◆ SUPPLIED MATERIAL:
[Start of Attachment]

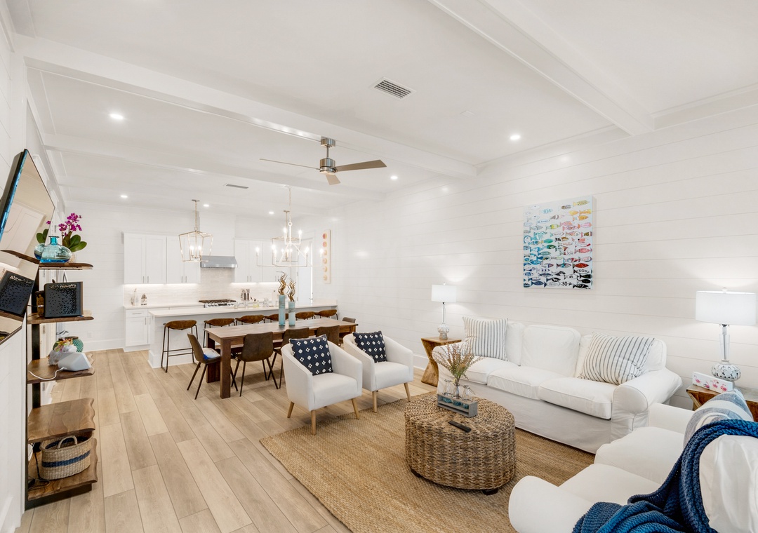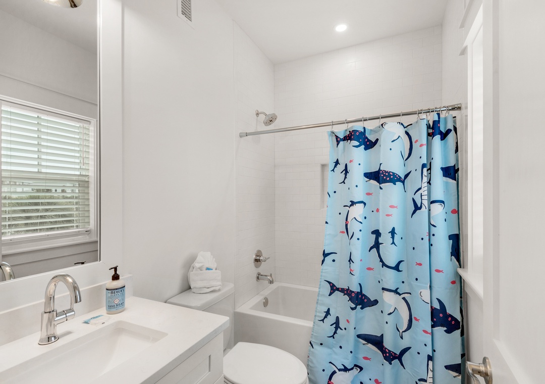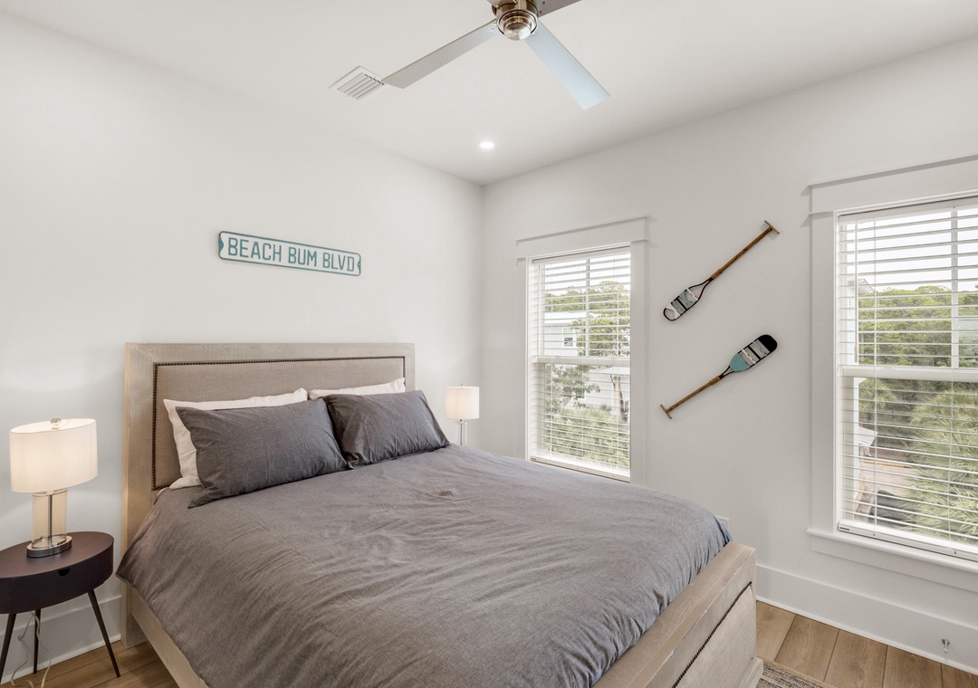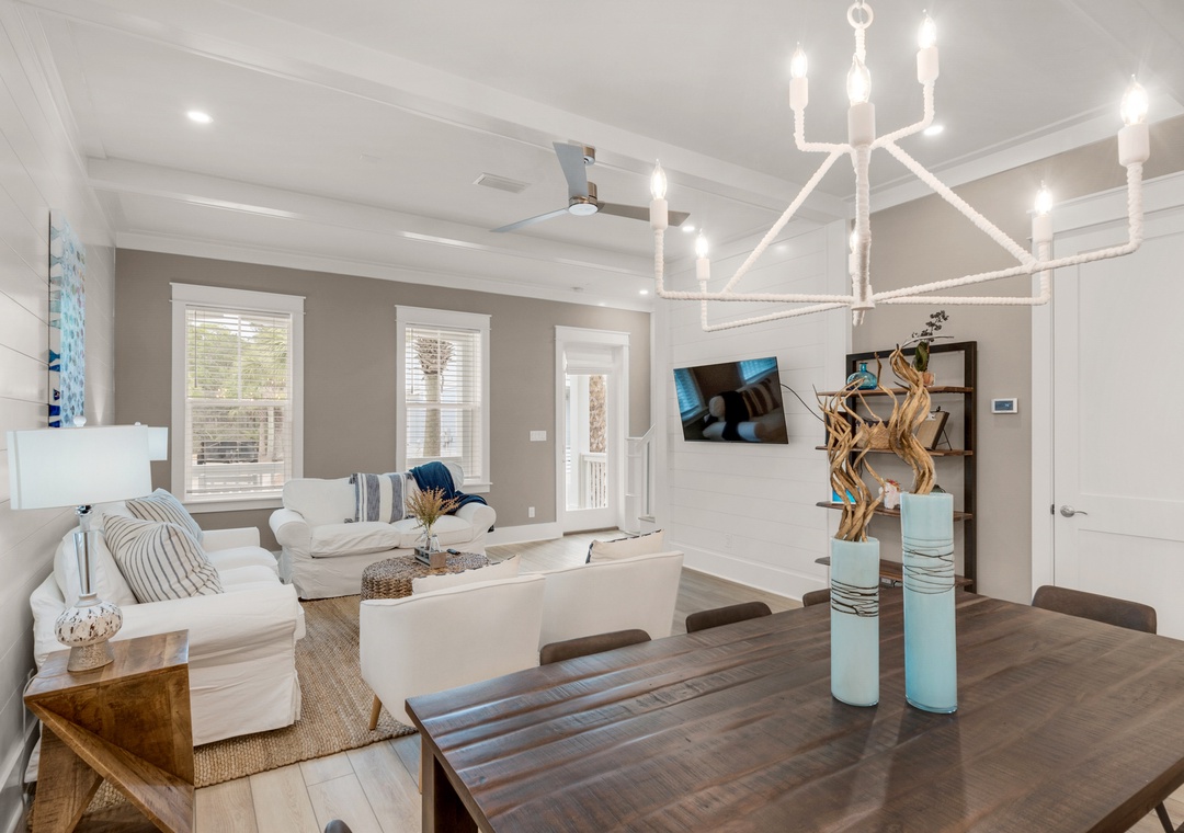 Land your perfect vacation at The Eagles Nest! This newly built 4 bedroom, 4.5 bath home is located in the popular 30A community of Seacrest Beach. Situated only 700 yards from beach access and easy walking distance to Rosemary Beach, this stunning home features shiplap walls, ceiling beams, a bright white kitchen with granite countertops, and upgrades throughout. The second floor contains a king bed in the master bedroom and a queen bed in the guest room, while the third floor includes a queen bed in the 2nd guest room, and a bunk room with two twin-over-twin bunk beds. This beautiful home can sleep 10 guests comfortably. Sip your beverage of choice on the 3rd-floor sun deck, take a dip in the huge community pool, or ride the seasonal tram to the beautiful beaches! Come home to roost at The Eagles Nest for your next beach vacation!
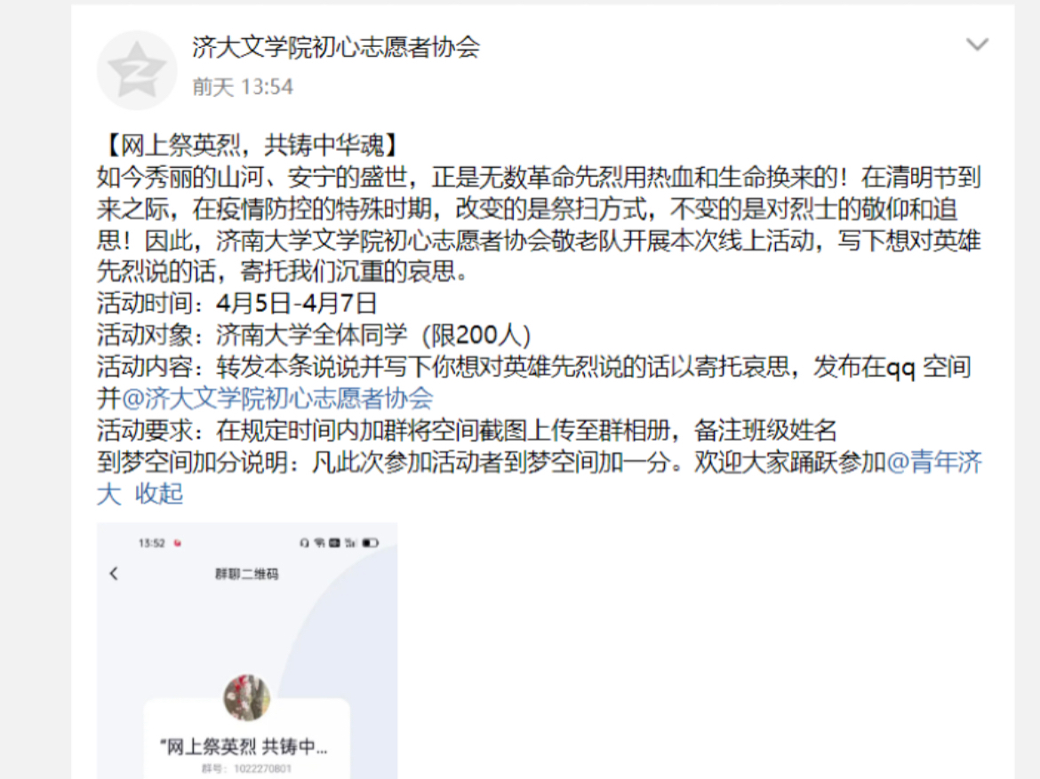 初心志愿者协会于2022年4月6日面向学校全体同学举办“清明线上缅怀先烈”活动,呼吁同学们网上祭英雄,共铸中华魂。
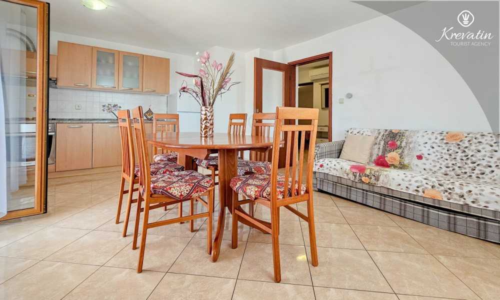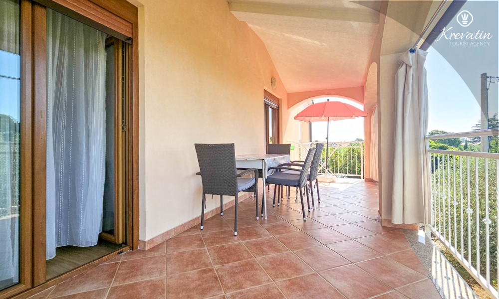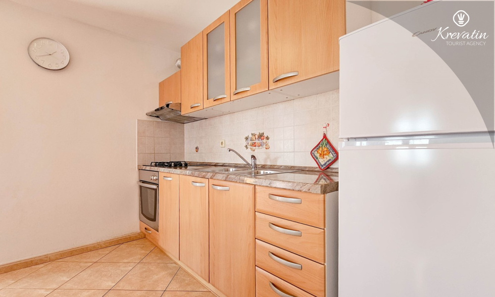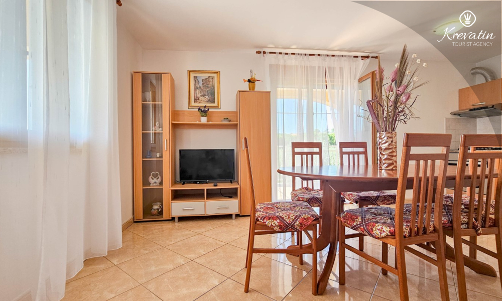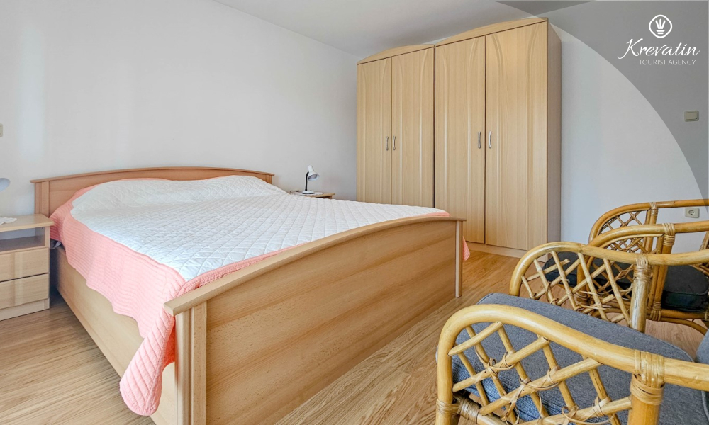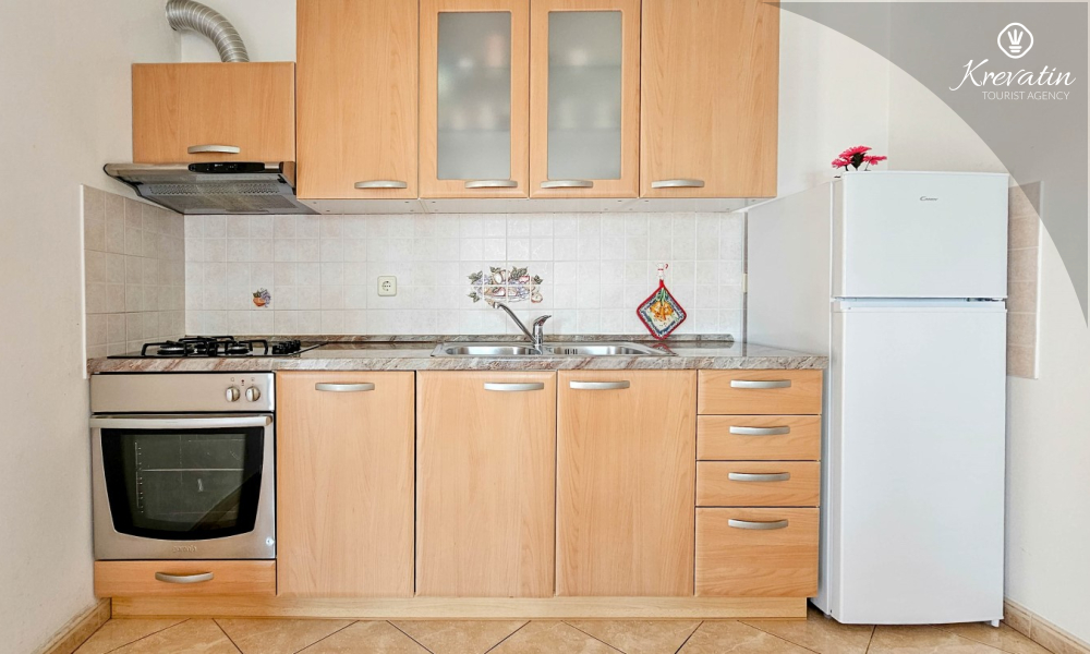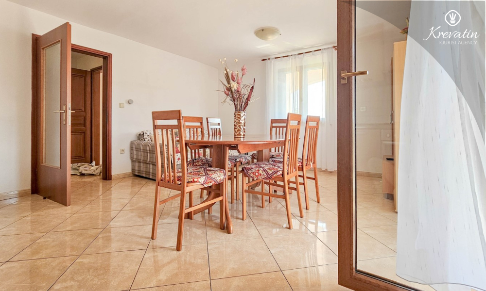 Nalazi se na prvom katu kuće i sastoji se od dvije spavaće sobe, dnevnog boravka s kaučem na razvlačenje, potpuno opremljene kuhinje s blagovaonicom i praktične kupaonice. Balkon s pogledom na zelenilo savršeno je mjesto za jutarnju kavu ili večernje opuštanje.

[End of Attachment]
[Start of Attachment]

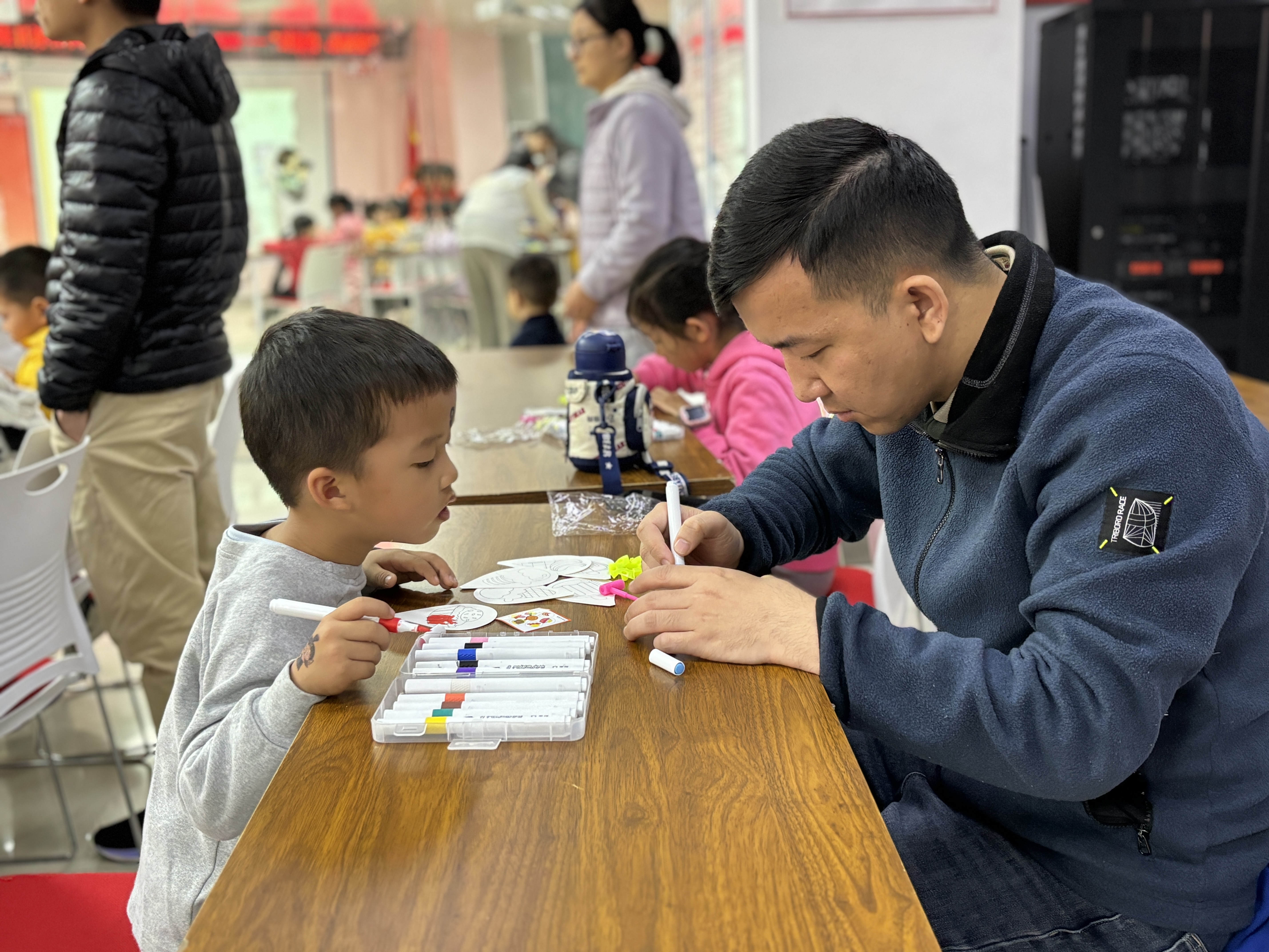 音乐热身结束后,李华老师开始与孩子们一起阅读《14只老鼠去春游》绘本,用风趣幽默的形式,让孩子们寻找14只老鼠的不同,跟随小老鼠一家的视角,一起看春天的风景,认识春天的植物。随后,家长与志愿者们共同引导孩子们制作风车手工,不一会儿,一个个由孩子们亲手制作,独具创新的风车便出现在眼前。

[End of Attachment]

From the listing above, restate verbatim the lines running from the one with "初心志愿者协会于2022年4" through the one with "Nalazi se na", inclusive, but not the pictures.

◆ SOLUTION FOR THIS TASK:
 初心志愿者协会于2022年4月6日面向学校全体同学举办“清明线上缅怀先烈”活动,呼吁同学们网上祭英雄,共铸中华魂。
 Nalazi se na prvom katu kuće i sastoji se od dvije spavaće sobe, dnevnog boravka s kaučem na razvlačenje, potpuno opremljene kuhinje s blagovaonicom i praktične kupaonice. Balkon s pogledom na zelenilo savršeno je mjesto za jutarnju kavu ili večernje opuštanje.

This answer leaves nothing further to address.